Supplied information:
+--

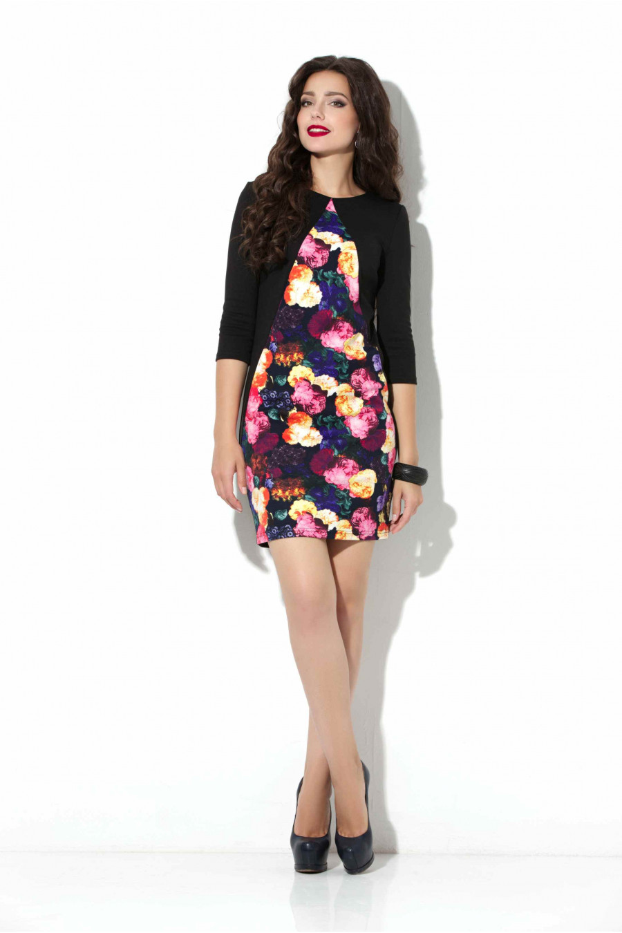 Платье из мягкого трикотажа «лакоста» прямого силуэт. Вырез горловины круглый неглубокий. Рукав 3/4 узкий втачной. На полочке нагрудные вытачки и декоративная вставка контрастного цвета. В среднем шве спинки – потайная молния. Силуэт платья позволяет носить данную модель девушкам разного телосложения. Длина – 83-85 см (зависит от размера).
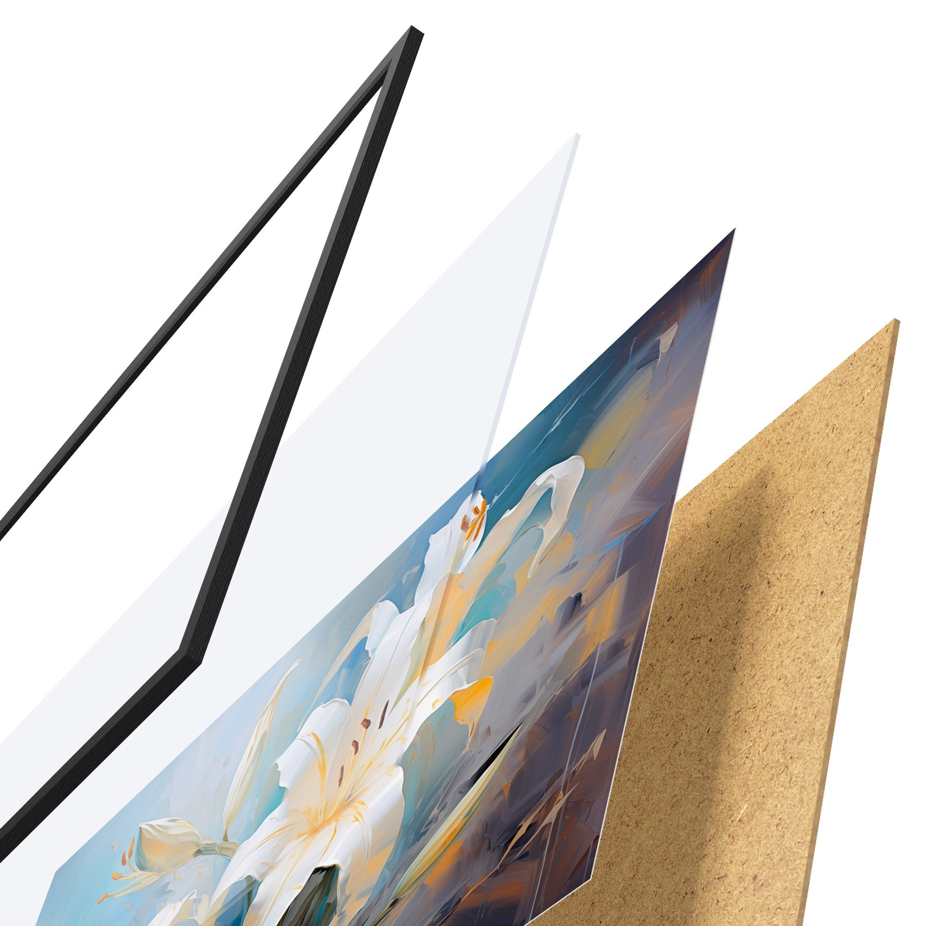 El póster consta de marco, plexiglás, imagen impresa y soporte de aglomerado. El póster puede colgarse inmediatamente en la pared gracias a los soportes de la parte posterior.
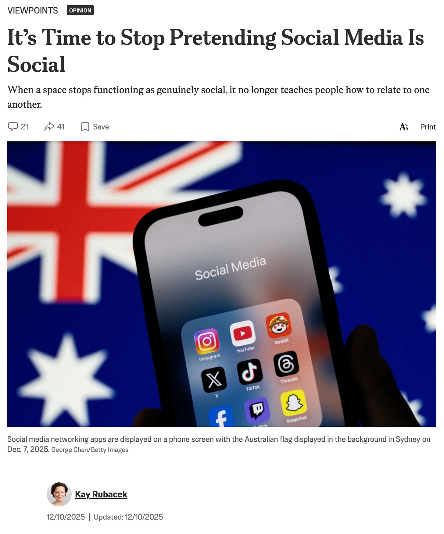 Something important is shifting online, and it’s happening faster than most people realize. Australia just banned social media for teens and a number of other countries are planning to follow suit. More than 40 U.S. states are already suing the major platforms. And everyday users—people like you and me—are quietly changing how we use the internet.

+--

Try it: The material above must be set down word for word, with no picture carried over.

Result for this task:
 Платье из мягкого трикотажа «лакоста» прямого силуэт. Вырез горловины круглый неглубокий. Рукав 3/4 узкий втачной. На полочке нагрудные вытачки и декоративная вставка контрастного цвета. В среднем шве спинки – потайная молния. Силуэт платья позволяет носить данную модель девушкам разного телосложения. Длина – 83-85 см (зависит от размера).
 El póster consta de marco, plexiglás, imagen impresa y soporte de aglomerado. El póster puede colgarse inmediatamente en la pared gracias a los soportes de la parte posterior.
 Something important is shifting online, and it’s happening faster than most people realize. Australia just banned social media for teens and a number of other countries are planning to follow suit. More than 40 U.S. states are already suing the major platforms. And everyday users—people like you and me—are quietly changing how we use the internet.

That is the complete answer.